My mother always is telling me not to make my paintings so "dark"-and that probably I would $ell more if they were "happier". I always tell her that it's important for culture to become fully aware of all the dimensions of being, and that the good cannot exist without the bad. Plotinus might not completely agree, but the intricacies of Neo-Platonic Metaphysics notwithstanding, I feel that it's a matter of personal and cultural responsibility to look into the Darkness and become aware of the full scope of humanness. When we lose touch with the reality of our situation, and prefer to dither in the palliative mindspace of eternal sunshine, we exercise an optimism that is reckless and immature. Apparently this is a lesson that mainstream culture is beginning to take hold of:

IN "THE WAY WE ARE," a concise, razor-sharp book of existential musings, philosopher Allen Wheelis describes the "margin of terror." Just beyond the agreed-upon scheme of things, like the raw desert and wild places at the edge of the paved city, it's the territory where pain and grief and mystery are too much to reconcile. "We look away, pretend it does not exist, is of no importance, a deviation, a neurosis perhaps."

That self-deception, Wheelis contends, is the essence of the social pact, a matter of survival. You don't gaze directly at Medusa -- and, as a rule, you certainly don't do it in summer movies, those mega-escapist mass entertainments. But as a quick scan of current big-screen protagonists attests, mainstream filmmakers are not always playing by that rule anymore; not only are they not looking away from the margin of terror, they're sometimes setting up camp there.
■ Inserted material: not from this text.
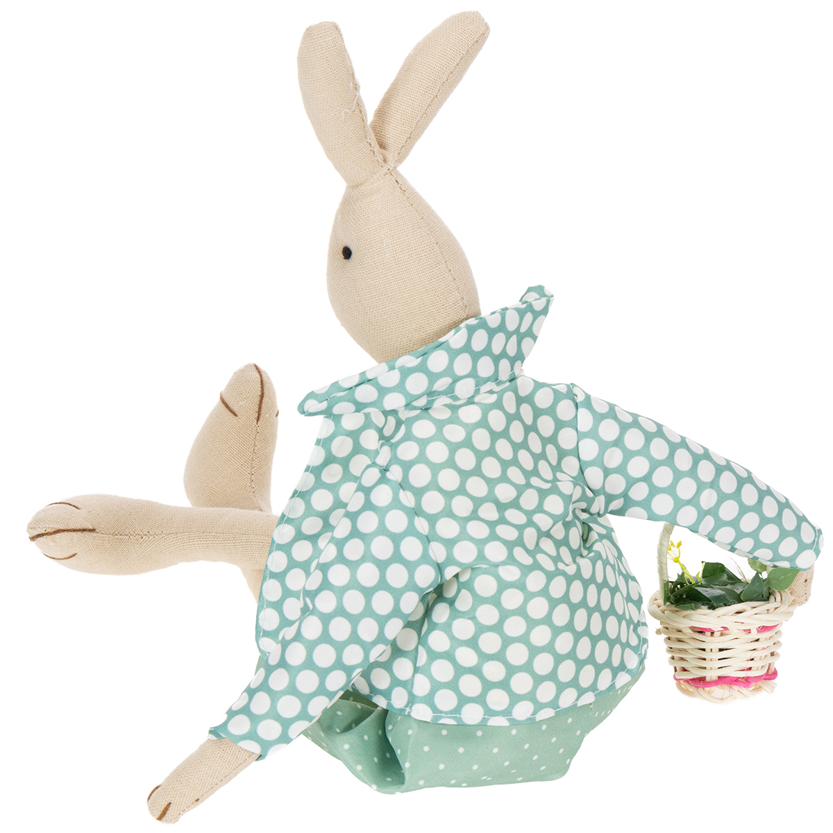 Ce lapin a été fabriqué à la main avec une grande attention aux détails. Le lapin était en tissu naturel et vêtu d'une chemise jaune à pois blancs et boutons en bois, d'un pantalon et d'une veste assortie en turquoise, également avec un motif à pois. Le lapin de Pâques porte un simple nœud en papier autour du cou. L'homme aux lapins a apporté un petit panier de fleurs planté.

Even cartoon characters and those based on comic books are gazing straight into the abyss.

Darkness has rarely been the central subject of large-scale fare -- it might surface as a tone or stance or an intermittent generator of shock. To temper and defuse the horror, filmmakers -- ardently independent ones as well as those working for studios -- often have adopted a twisted, winking jokiness, the punch line à la Quentin Tarantino or the Coens having become all but obligatory. But to varying degrees, 2008's summer tent-pole titles are forgoing irony as they walk quite purposefully into the darker realms of storytelling, and critics are embracing that darkness, whether it's an undercurrent (" Iron Man") or a defining principle (a certain Batman movie).

In the 38 reviews of " The Dark Knight" by Rotten Tomatoes' "top critics," 90% of which are favorable, readers will find 40 references to the film's darkness, most of them admiring. Reviewers speak of the feature's "dark vision" (Christopher Orr, the New Republic) and the way it "turns pulp into dark poetry" (Richard Corliss, Time). In this paper, Kenneth Turan praised the film for its "darker-than-usual themes that have implications for the way we live now." Manohla Dargis of the New York Times observed that "Knight" "goes darker and deeper than any Hollywood movie of its comic-book kind," and Newsday critic Rafer Guzman called it "a dark and highly complex drama [with] more brains than any other movie this summer."